问题
Say I have this code:
class Demo
{
static <T> T pick(T a1, T a2)
{
return a2;
}
public static void main(String[] args)
{
pick("d", 123);
}
}
From what I learned, it seems like I have stated that the two parameters a1, a2 and the return type of pick must be under the same generic type T.
So why is the compiler allowing me to pass a String and an Integer to pick?
回答1:
Both String and Integer are subclasses of Object, along with every other type in Java. When compiling a generic method (or class), Java attempts to find the closest supertype shared between every instance of the generic type. This part never fails, because Object exists. But if a generic type is resolved to Object, it may not be useful anymore.
So what’s the point in using generics here if the compiler will let any types to be used? It’s all to do with the return type. Assuming your definition of pick(), what do you think will happen when you try to compile each of these lines?
Object o = pick("Hello", 123); // 1
String s = pick("Hello", 123); // 2
String s = pick("Hello", "world"); // 3
Integer i = pick("Hello", 123); // 4
Integer i = pick(123, 456); // 5
int i = pick(123, 456); // 6
1 compiles just fine, but then you’ve lost any useful type information.
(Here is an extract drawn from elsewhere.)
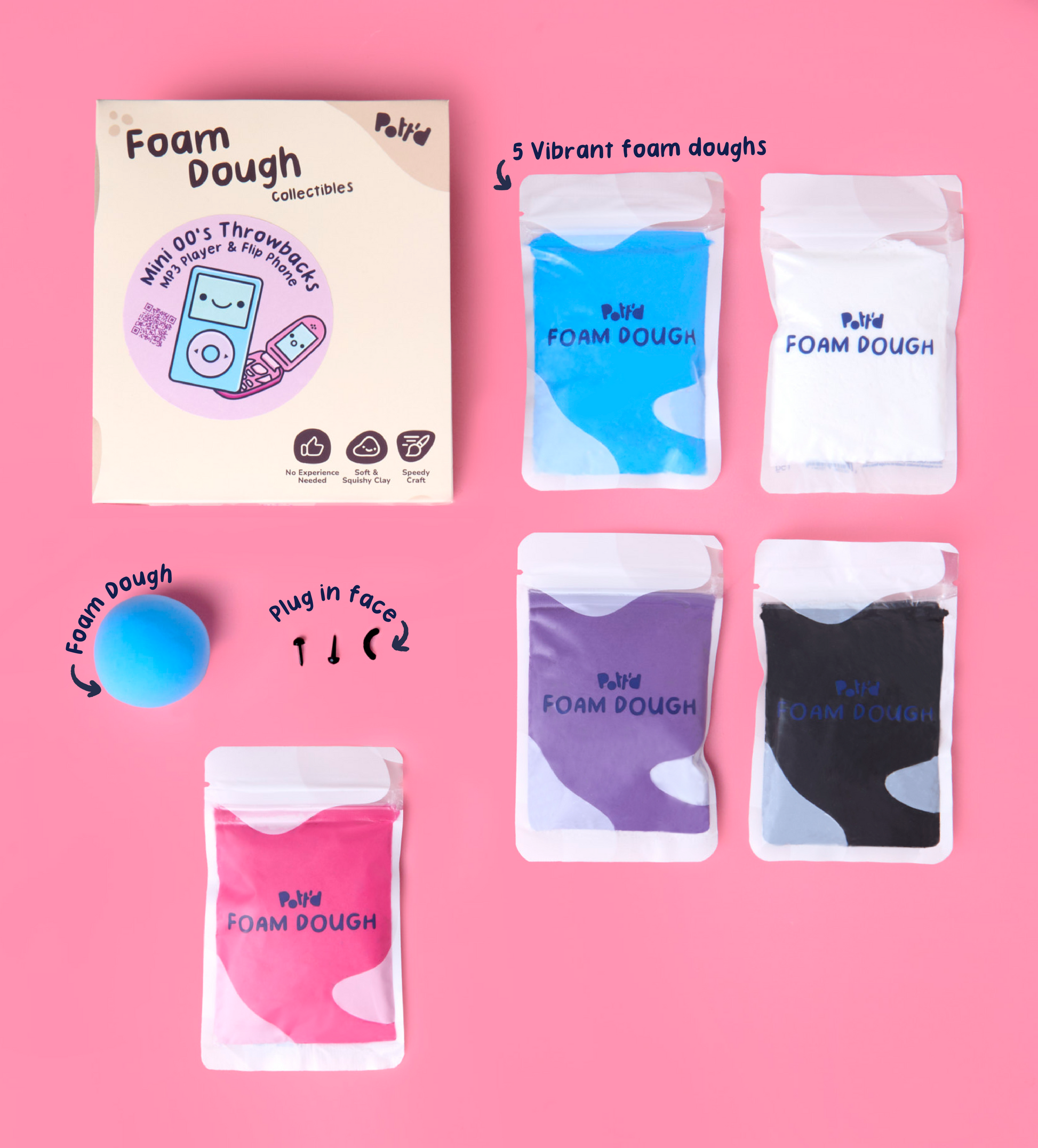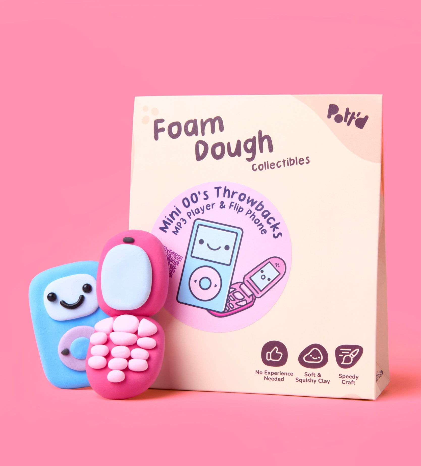 Relive the early days of playlists and text tones with Mini 00's Throwbacks, a nostalgic make from our Foam Dough Collectibles range. This mini kit lets you craft an mp3 player and a flip phone, celebrating the tech that defined a generation.

This is what would happen if you didn’t use generics at all, and instead just used Object for everything. It’s you’d have had to do before Java 5, along with plentiful casting and exception catching.
2 and 4 won’t compile:
error: incompatible types: inferred type does not conform to upper bound(s)
Since the two arguments to pick() share only Object as a common supertype, T becomes Object and an Object is returned and you can’t assign an Object to a String or an Integer.
3 works just fine though. Both arguments have the same type, so T is easily determined to be String. 5 works for similar reasons.
6 also works, but not because T becomes int. int is a primitive type, so it can’t be used in a generic. When attempting to resolve the generic type T, the compiler first autoboxes the primitive arguments into a ‘real’ class (Integer in this case). This also happens for 4 and 5, and even when you simply assign a literal like Integer i = 123;. The difference here is that the result (an Integer) is unboxed back to an int so that it can be assigned to i.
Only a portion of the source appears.